The search for the elusive perfect guy bag has been, and continues to be, a mission of mine. I have had some successes – Jack Spade’s Canvas Day Bag is a great option, as is Ghurka’s classic and pricey Examiner.

I have also written on the most famous of all man bags, Indiana Jones’ modified British Mark VII gas mask bag.

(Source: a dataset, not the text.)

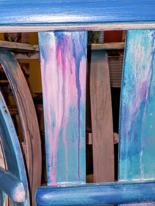 From the Designer: "I took an aged and water damaged end table and transformed it into a Bohomenian masterpiece using Plaid Folk Art Chalk Paint. I started with Vintage Victorian and added in some hot pink...mixed the Cascade and Nautical (blues) together and randomly painted areas on the table. I also used a squirt bottle to make drips and splats of paint. Mixing colors and a squirt bottle gave new life into a piece of furniture destined for the junk pile."

Jack Bauer (Keifer Sutherland), of the television show “24”, has done a lot to bring the man bag back to the forefront. The original “Jack sack”, as Bauer’s varying bags came to be called, became a cult hit. Inexpensive and readily available, it’s also a great bag in real life; roomy, good pockets, durable and classically functional looking.

The original Jack Sack

I received a number of requests to track down the identity of the current season-eight bag. This one is leather and a bit more fancy than Jack’s typical military inspired bags. So, I went strait to the 24-obsessed experts at The Jack Sack and now have the answer. It’s from Ralph Lauren.

Season 8’s bag of choice

The bag is the Double RL leather Mail Bag and based on the classic American letter carrier bag. Only a few months ago I had this very same bag in my hand while on a visit to the Ralph Lauren store in Georgetown. I really liked it, but at nearly $900, I gave it a pass.

Ralph Lauren also makes a more elegant version of the bag in the form of their Deerfield Leather mail bag, but that one is priced around $1,200.
The leather on this one, however, is amazing.

Ralph Lauren’s Deerfield

The original reinterpretation of this iconic work satchel was made by J. Peterman and is still available at less painful $300. A few years ago I tested this bag, a gift to me from John Peterman, and it’s still one of my all-time favorites.